[Recorded information]
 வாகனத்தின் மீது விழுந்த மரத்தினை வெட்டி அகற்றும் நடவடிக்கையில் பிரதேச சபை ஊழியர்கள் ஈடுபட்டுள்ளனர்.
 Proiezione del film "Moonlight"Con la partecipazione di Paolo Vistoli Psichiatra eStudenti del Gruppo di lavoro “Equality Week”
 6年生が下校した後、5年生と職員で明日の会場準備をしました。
[/Recorded information]
[Recorded information]
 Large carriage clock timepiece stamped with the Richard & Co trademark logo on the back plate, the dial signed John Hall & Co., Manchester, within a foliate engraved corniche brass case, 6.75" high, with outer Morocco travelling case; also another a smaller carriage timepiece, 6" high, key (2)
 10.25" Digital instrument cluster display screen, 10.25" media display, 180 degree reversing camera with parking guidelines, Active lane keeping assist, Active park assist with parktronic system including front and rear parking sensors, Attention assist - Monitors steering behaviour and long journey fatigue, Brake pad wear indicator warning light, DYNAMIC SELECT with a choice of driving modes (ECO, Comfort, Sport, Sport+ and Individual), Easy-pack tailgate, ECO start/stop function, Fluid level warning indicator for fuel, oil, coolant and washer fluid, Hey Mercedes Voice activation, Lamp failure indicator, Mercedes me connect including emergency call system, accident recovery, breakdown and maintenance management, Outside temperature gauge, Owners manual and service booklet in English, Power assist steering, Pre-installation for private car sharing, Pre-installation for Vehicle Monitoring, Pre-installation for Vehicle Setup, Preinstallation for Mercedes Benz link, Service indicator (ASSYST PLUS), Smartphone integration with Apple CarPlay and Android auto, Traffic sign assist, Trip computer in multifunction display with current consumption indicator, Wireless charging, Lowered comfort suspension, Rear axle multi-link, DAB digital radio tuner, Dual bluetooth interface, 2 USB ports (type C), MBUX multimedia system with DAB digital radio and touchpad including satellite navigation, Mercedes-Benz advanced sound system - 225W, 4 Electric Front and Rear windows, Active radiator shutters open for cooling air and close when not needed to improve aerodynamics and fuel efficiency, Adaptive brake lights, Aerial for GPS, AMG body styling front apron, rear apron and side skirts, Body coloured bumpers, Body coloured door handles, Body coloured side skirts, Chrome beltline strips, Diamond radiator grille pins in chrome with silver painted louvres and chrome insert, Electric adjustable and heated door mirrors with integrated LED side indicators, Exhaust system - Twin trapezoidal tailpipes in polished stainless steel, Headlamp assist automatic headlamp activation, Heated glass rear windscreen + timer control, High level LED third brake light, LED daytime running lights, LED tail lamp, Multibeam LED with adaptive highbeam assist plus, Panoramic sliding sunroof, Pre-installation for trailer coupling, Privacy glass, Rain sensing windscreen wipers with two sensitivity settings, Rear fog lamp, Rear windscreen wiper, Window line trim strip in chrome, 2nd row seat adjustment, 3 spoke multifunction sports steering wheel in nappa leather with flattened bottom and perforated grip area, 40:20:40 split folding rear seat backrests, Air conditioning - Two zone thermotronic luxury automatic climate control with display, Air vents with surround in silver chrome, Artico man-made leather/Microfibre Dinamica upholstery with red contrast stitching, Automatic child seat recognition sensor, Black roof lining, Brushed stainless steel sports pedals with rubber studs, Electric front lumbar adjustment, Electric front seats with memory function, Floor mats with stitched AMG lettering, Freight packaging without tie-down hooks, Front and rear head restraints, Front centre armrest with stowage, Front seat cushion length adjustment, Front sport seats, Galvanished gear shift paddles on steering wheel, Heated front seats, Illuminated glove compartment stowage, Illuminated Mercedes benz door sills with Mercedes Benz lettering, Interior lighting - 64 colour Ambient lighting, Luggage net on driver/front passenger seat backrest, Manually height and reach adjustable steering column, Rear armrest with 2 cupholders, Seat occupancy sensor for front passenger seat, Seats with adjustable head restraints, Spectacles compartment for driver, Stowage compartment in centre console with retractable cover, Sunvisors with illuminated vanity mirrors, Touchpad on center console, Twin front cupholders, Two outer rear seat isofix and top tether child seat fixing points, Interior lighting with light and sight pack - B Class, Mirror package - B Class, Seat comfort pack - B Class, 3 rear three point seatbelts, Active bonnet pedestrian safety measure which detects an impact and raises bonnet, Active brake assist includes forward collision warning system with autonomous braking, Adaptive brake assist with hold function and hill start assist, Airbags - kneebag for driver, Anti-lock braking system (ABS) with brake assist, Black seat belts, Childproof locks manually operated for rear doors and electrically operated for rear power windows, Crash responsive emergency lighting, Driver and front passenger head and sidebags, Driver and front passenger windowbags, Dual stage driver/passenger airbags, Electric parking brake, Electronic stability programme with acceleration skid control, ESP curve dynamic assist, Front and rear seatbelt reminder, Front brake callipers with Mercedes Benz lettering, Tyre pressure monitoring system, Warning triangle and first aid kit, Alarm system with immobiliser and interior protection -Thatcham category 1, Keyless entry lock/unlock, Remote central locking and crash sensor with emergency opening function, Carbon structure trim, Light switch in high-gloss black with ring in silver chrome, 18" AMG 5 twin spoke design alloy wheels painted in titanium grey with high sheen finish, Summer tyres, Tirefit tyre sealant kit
[/Recorded information]
[Recorded information]
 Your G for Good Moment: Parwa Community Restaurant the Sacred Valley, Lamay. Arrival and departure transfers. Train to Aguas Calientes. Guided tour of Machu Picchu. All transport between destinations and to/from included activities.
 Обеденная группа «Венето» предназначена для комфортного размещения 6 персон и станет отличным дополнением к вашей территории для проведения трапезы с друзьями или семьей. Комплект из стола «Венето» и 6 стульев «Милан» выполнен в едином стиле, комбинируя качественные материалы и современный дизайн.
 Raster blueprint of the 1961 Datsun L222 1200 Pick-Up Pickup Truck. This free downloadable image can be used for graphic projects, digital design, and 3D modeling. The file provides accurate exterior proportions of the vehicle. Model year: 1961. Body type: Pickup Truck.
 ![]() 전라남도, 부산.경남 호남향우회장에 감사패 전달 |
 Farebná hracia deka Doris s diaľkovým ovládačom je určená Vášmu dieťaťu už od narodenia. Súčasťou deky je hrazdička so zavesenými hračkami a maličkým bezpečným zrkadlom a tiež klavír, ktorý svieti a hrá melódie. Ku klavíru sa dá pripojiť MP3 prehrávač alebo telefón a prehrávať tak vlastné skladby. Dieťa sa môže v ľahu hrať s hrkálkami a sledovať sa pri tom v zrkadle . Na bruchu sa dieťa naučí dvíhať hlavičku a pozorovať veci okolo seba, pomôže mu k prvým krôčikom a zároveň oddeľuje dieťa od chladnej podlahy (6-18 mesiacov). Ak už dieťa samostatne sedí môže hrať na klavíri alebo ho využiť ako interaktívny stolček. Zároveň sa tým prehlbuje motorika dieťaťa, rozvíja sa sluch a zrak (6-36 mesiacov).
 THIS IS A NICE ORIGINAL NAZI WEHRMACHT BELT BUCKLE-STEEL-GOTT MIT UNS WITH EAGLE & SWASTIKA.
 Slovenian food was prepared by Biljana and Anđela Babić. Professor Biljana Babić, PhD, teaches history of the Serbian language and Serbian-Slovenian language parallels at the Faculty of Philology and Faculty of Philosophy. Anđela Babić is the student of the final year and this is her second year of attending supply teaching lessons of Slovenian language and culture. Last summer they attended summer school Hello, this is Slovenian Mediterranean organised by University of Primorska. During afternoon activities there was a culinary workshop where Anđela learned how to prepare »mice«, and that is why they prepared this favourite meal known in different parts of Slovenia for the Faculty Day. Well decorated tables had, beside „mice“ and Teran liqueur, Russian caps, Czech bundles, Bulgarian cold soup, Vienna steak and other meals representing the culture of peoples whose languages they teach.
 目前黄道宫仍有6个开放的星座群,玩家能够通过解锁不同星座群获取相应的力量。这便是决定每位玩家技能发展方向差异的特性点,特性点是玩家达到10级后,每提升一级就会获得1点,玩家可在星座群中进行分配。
[/Recorded information]
Task to complete: Only the lines from the one containing "Farebná hracia deka" through the one containing "THIS IS A NICE" are to be retyped, both boundary lines included, with no other material.

Task solution:
 Farebná hracia deka Doris s diaľkovým ovládačom je určená Vášmu dieťaťu už od narodenia. Súčasťou deky je hrazdička so zavesenými hračkami a maličkým bezpečným zrkadlom a tiež klavír, ktorý svieti a hrá melódie. Ku klavíru sa dá pripojiť MP3 prehrávač alebo telefón a prehrávať tak vlastné skladby. Dieťa sa môže v ľahu hrať s hrkálkami a sledovať sa pri tom v zrkadle . Na bruchu sa dieťa naučí dvíhať hlavičku a pozorovať veci okolo seba, pomôže mu k prvým krôčikom a zároveň oddeľuje dieťa od chladnej podlahy (6-18 mesiacov). Ak už dieťa samostatne sedí môže hrať na klavíri alebo ho využiť ako interaktívny stolček. Zároveň sa tým prehlbuje motorika dieťaťa, rozvíja sa sluch a zrak (6-36 mesiacov).
 THIS IS A NICE ORIGINAL NAZI WEHRMACHT BELT BUCKLE-STEEL-GOTT MIT UNS WITH EAGLE & SWASTIKA.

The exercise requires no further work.